Palmer was born on June 28, 1866, in Wilkes-Barre, Pennsylvania. His father was Henry W. Palmer, who served as Attorney General of the State of Pennsylvania, 1879–1883, and a member of the U.S. House of Representatives, 1901–1907 and 1909. His mother, Ellen W. Palmer, was an essential figure in fighting for the rights of breaker boys in Pennsylvania. She promoted child literacy and appropriate wages, equal to those of adults for the work done by the boys. Until the 1990s a statue of Ellen Palmer stood on the city commons in Wilkes-Barre.

Education
Palmer's parents sent him to Phillips Exeter Academy in New Hampshire, where he was admitted at the age of 16 in 1882. At Exeter, Palmer was involved in The Exonian, debate club, the Christian Fraternity, and the G. L. Soule Literary Society, as well as playing tennis, baseball, and lacrosse, and being his class secretary. From there he went immediately to Harvard University, receiving an AB in 1888. He was a treasurer of the Harvard Lampoon and a member of the Hasty Pudding Club. He played football and baseball for his class teams, and he was a member of the Institute of 1770 (later merged with the Hasty Pudding Club), Delta Kappa Epsilon, the Historical Club, the Finance Club, the St. Paul's Society, and the Varsity Club. He stayed on an extra year in Harvard University School of Law, earning the AM in 1889. He was a proctor that year. Returning to Wilkes-Barre he went to work in his father's law office there in 1889 at the age of 23 and passed the bar in Pennsylvania in 1890. He returned to Boston in 1891 and passed the bar in Massachusetts the following year.

Legal career
Until 1899 Palmer's chief work in the firm of Storey, Thorndike and Palmer had been to check the legality of bonds and then to handle the legal business of the Boston Fruit Company, the company of Andrew W. Preston, a Boston banana importer. In that year, however, he created the United Fruit Company by a merger of Preston's firm and the banana import business of Minor Cooper Keith. He became a director and a permanent member of the executive committee, while his law partners were listed as executives. Their first move was to buy outright or buy an interest in 14 competitors. They now had a monopoly on the Costa Rican banana import business and controlled 80% of the entire business in the United States. These moves under Palmer's tutelage brought instant wealth to everyone concerned. The profits in 1899 were 1.6 million, and were up to 6.2 million by 1907. For all business purposes, Palmer was United Fruit. When the first anti-trust suit was brought against United Fruit in 1909, charging that it had created a monopoly and was using its financial interests in the competition (in this case the Bluefields Steamship Company) to suppress their business, Palmer, as secretary, was named along with Preston and Keith, the president and vice president.
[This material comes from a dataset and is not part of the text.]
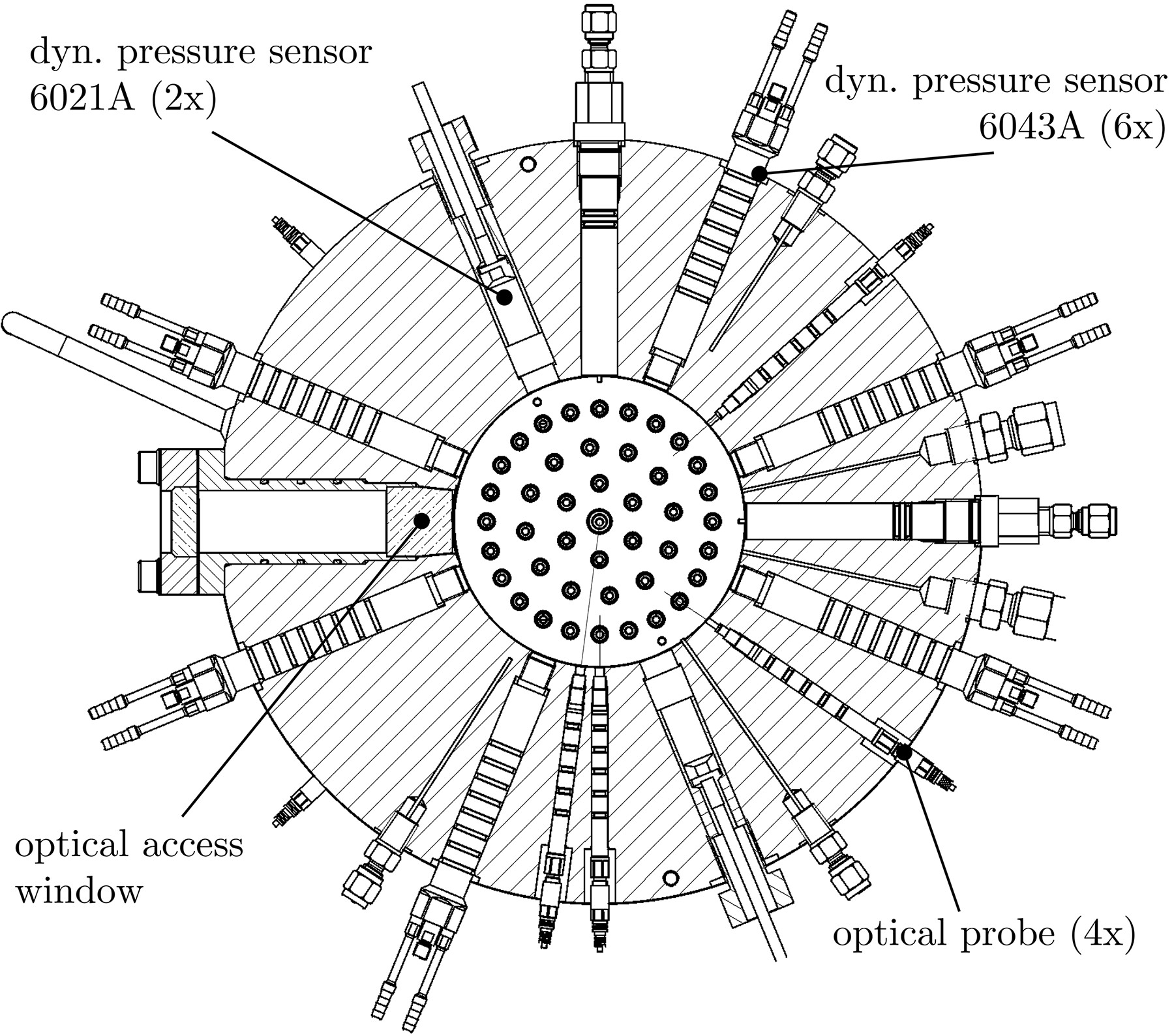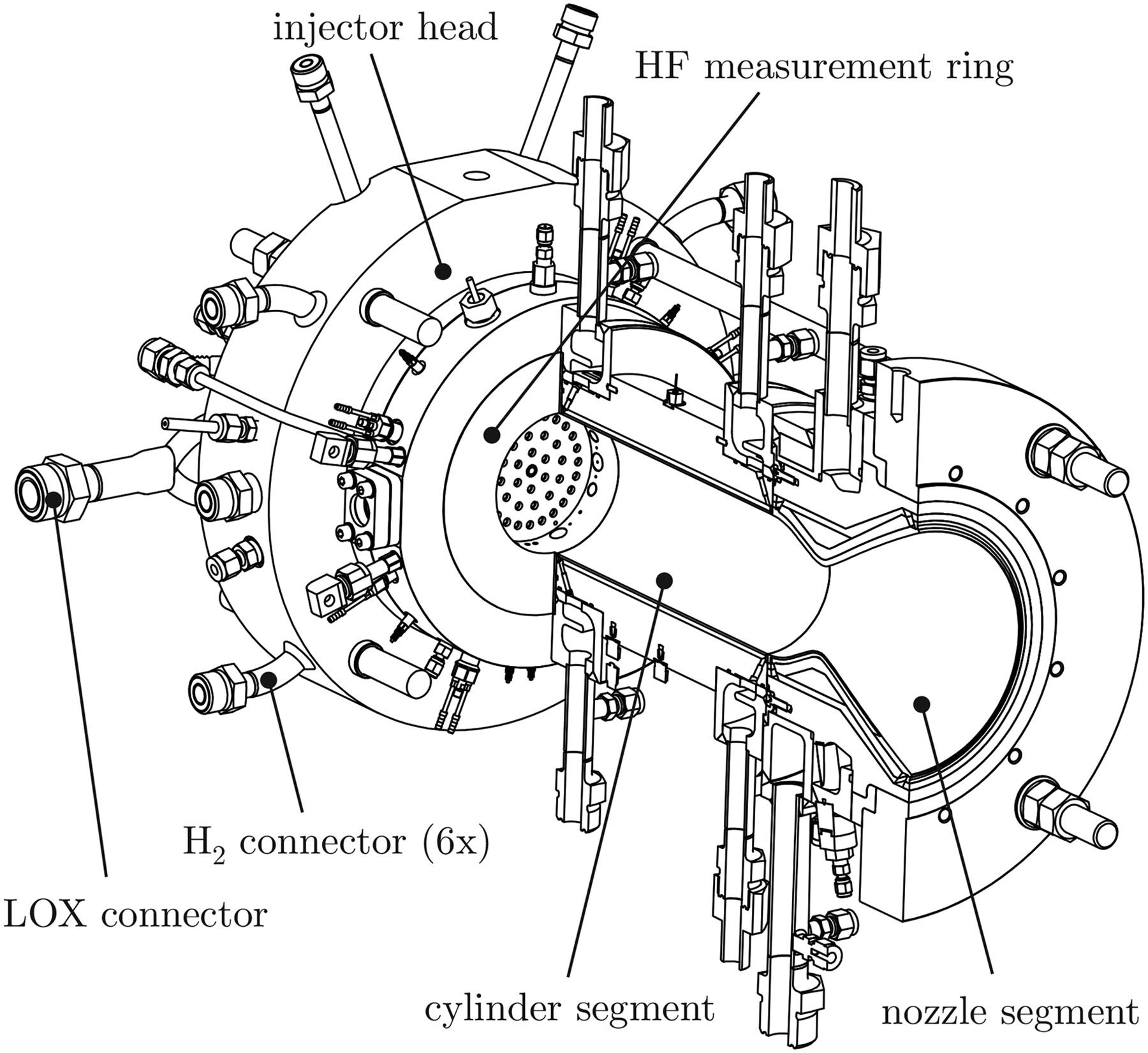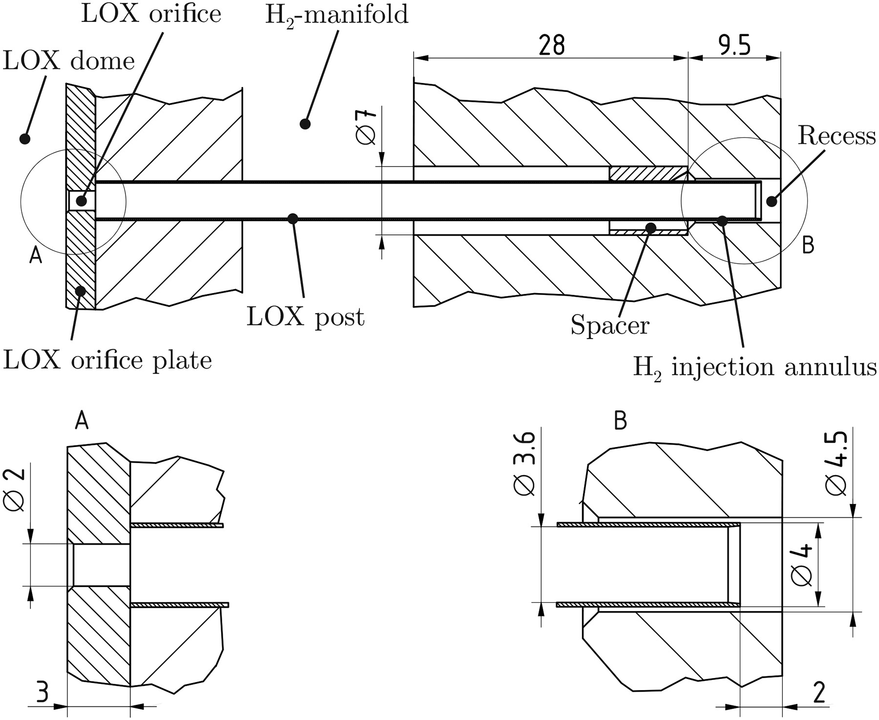 12 also pointed out that combustion in the recess is a possible source of excitation of the LOX post modes in BKD. In BKD tests with the propellant combination LOX/LNG, injector-coupled combustion instabilities occurred in a configuration with recess, whereas no instabilities occurred without recess.

Palmer was a lawyer and partner with multiple Boston-based corporations, including the United Fruit Company (which controlled large land holdings and agriculture in Central America), Gillette, and ITT Corporation.  He was possibly an attorney for Sinclair Oil during the Teapot Dome scandal.

Personal life
Palmer never married, but was involved in the social life of the North Shore of Massachusetts, which is relatively densely populated with horse farms. He belonged to Myopia Hunt Club in Hamilton, Massachusetts, known for its equestrianism. Palmer hosted club events on his estate. Palmer died in 1946.

Palmer enjoyed numerous individualisms, such as smoking a cigar with the end stuck in a pipe bowl.

Public service
During WWI, Palmer's career took a brief break from his legal career. In December 1917, Palmer went to Washington D. C. and joined the office of Alien Property Custodian, which was charged with the investigation of attempts by German nationals to conceal their extensive property of all sorts in the United States, and with the confiscation and disposition of this property. Where he did both investigations and dispositions, mainly by sale, for which legal expertise was required. All of members of the APC served without pay. He also was appointed as counsel to the Capital Issues Committee. In 1918 he was also appointed to an advisory committee supporting the Federal Reserve Board, also serving without pay. He was the board's lawyer.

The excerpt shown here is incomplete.